BugsInCyberspace.com said:


> I'm a bug guy, not a frog guy, so I'm curious why everybody considers the mites so dangerous? They don't harm the flies to any significant degree, unsightly as they are! Do mites harm frogs or infest vivariums by vector of fruit fly cultures?


Actually, yes they do harm the flies to a significant degree. Some mites are parasitic on the larvae. Even the detritus mites cause a problem as with each succesive culture made from the last, the mites get worse and worse and your culture produces way less fruit flies.
They don't hurt the frogs, in fact many smaller frogs seem to relish them. But they will cause huge problems in fruit fly production if left unchecked.


----------



## BugsInCyberspace.com (Dec 26, 2010)

I have not noticed an appreciable degree of harm to my home made cultures when mites appear. Perhaps it is because so many flies remain. I have always thought the mites fed on the media, not the larvae.

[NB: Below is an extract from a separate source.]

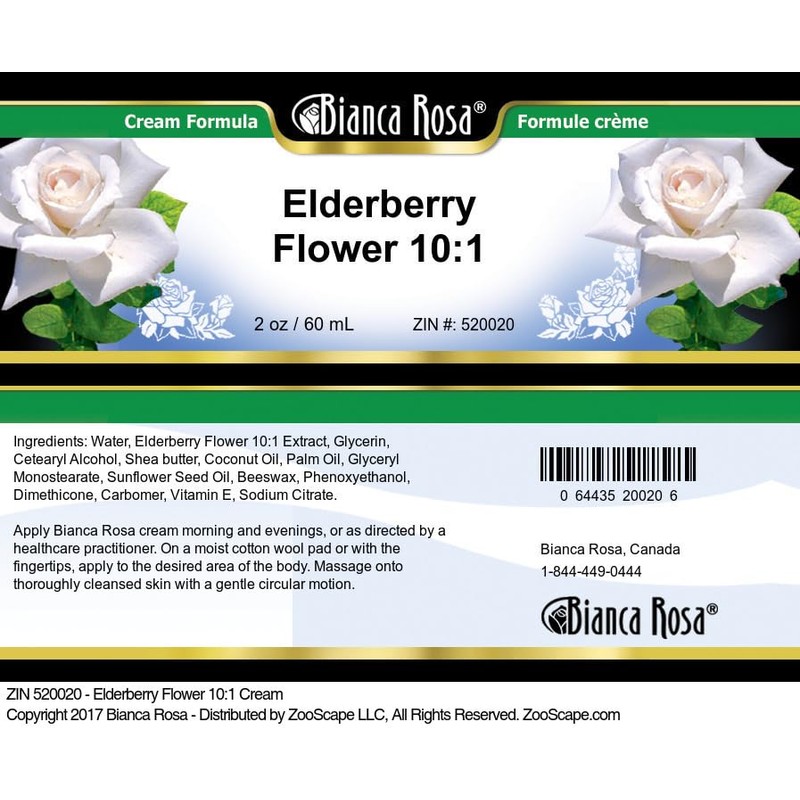 Elderberry Flower 10:1 Cream (2 oz, ZIN: 520020): Elderberry Flower 10:1 Cream - Country of Origin: USA - Latin Botanical Name: Sambucus Nigrum - Plant Parts Used: Flower - Apply Bianca Rosa cream morning and evenings, or as directed by a healthcare practitioner. On a moist cotton wool pad or with the fingertips, apply to the desired area of the body. Massage onto thoroughly cleansed skin with a gentle circular motion. - TerraVita is an exclusive line of premium-quality, natural source products that use only the finest, purest a

What percentage of mites infesting fruit fly cultures are of a species that predates on larvae? How often does that really happen? How do you know which witch is which witch?

Also, I understand the concept of cultures becoming worse through subsequent seeding of new cultures with mite-infested stock, but I've not experienced this as a worsening problem. Despite infestation of mites, I don't have problems creating apparently mite-free cultures from previously infested ones.

It's not my intent to be confrontational, but I am interested to learn what is known on this subject. I do not sell fruit flies, but I do sell a few items that feed on them and am thus concerned to know more.

Despite raising them for many years, I've thankfully had few mite problems. Though I will say that I have purchased a few cultures over the years from others and they have been riddled with mites after a few weeks (while most are not).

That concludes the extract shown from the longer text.